Genre: RPG
Developer: inXile Entertainment
Publisher: inXile Entertainment
Wasteland 2 opens with a
full-motion video sequence, with real, living actors, armed and dressed in post-apocalyptic grunge. Absolutely sensational! Then the game itself begins, and the immediately obvious event log in the bottom corner becomes manifest. At this point, anyone reared on 80s and 90s CRPGs will immediately adopt a warm smile, and with hand gently pressed to heart, exclaim "I
already love this game, and I've only just started!" But hold on just a second cowboy-- the camera is finicky, the grid-based inventory clunky, and the stage art muddy.

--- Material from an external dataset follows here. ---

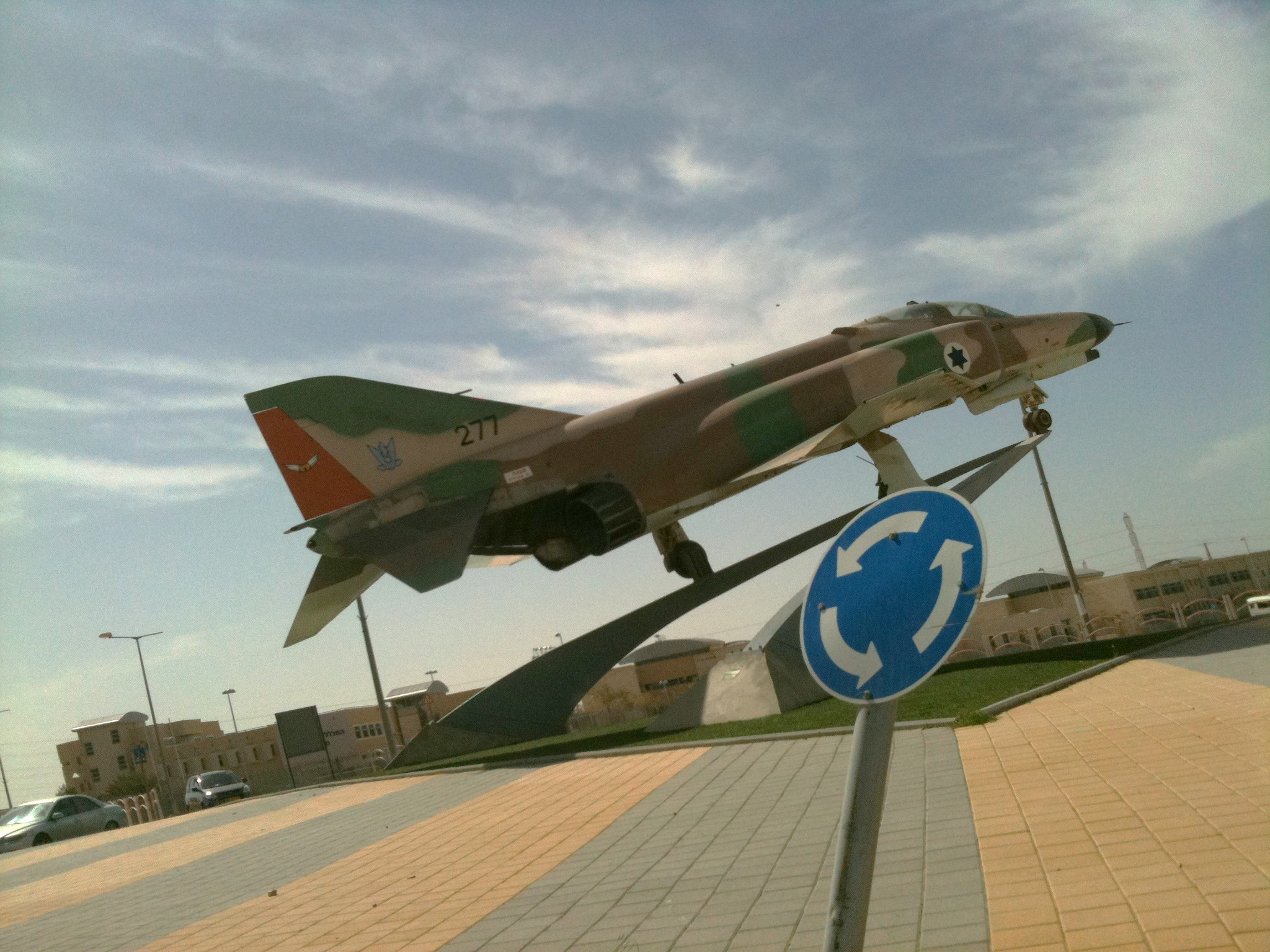 Old F-4 Phantom II Airplane in front of the Air Force boarding technique high school, Naot Lon, Beersheva

Like most modern games-- or rather, is it more like the original Wasteland?-- this title is often mute, with just the sound of the event log to keep the player company. The event log makes sound, you ask? Why yes-- it sounds like a
dot matrix printer! The silence does build tension, however, and it is into this vacuum that the heady, heated battle theme rushes during enemy encounters. Voice acting is workaday-- fitting, given the game's various misshapen denizens.

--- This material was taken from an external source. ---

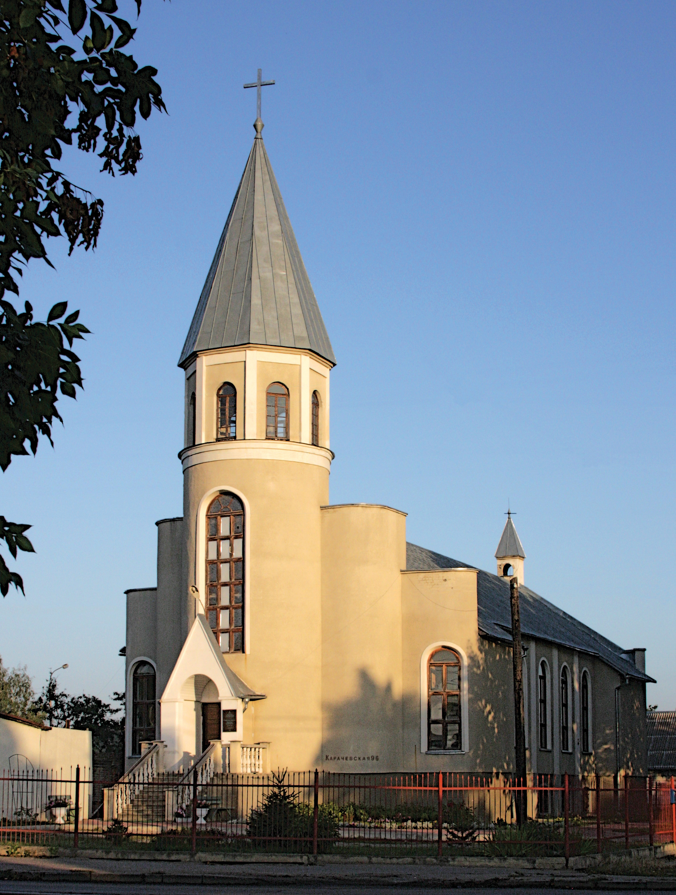 Adventist Church in Oryol, Russia

Wasteland 2 takes the 3/4 overhead perspective of the first two Fallout games-- ironic, the inspiration going in
that direction-- along with the turn-based combat. There are a plethora of skills, from lockpicking to safecracking to weaponsmithing, which the player can attempt at any time. The stages are large and fun to explore, but some of the puzzle-like elements interfere with the pacing a bit more than is desirable.

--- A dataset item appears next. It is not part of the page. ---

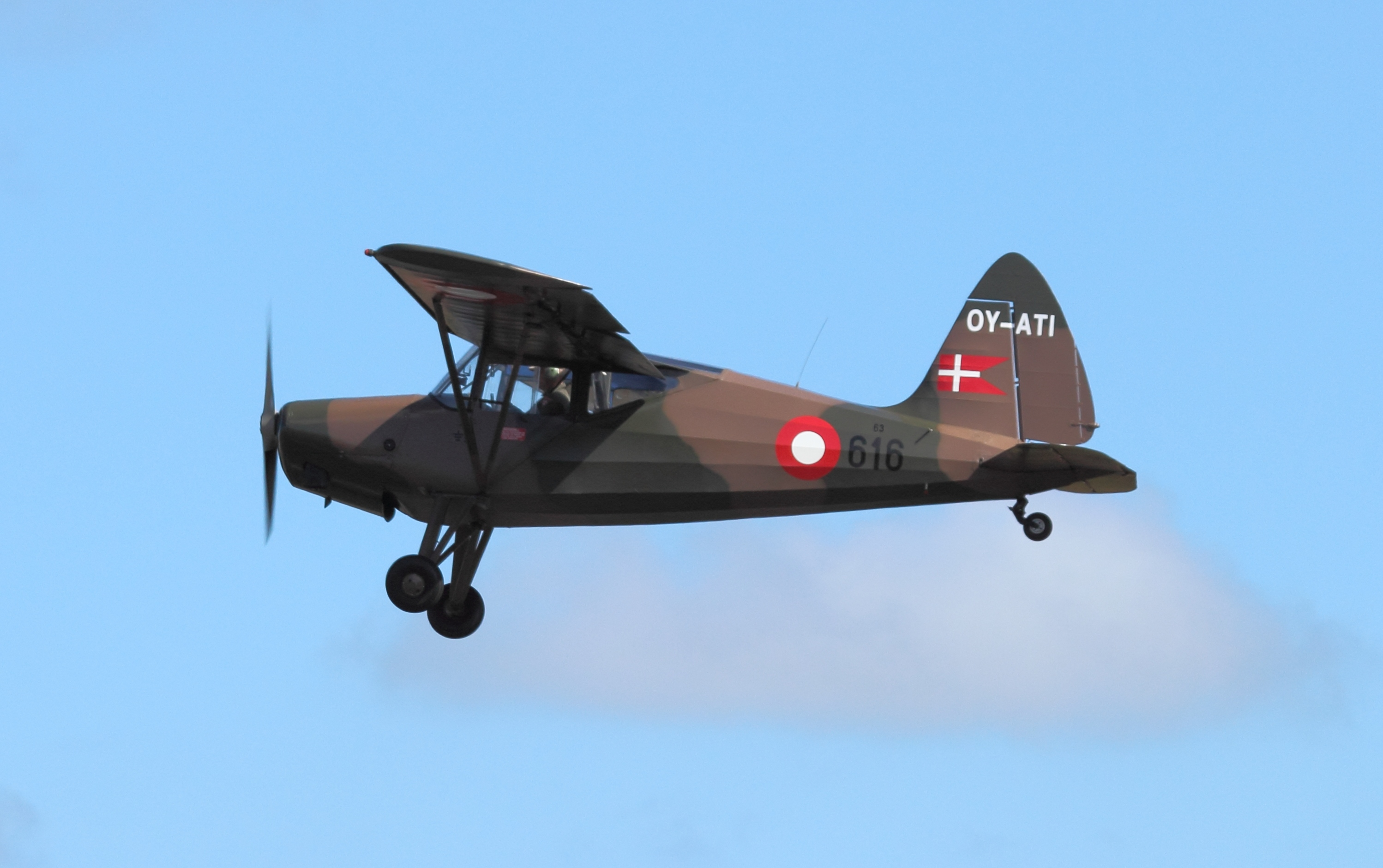 A KZ VII Lark with registration number OY-ATI in display flight at Danish Air Show 2014

There are two ways to look at this game: on the one hand, in a world awash with hopelessly watered-down non-RPGs such as the kind Bethesda passes off these days, Wasteland 2 is the Fallout 3 that the world
should have a received. There is enough of the esoteric to whet any basement virgin's appetite, but... perhaps there is a bit
too much of that? Which leads to the second way of viewing this title-- perhaps the developers could have taken the
aesthetic from the original game and refined the modes of gameplay, versus the other way around? Even with the stuttered pacing and miry visuals though, Wasteland 2 is a couple of optimizations away from being a near-total triumph.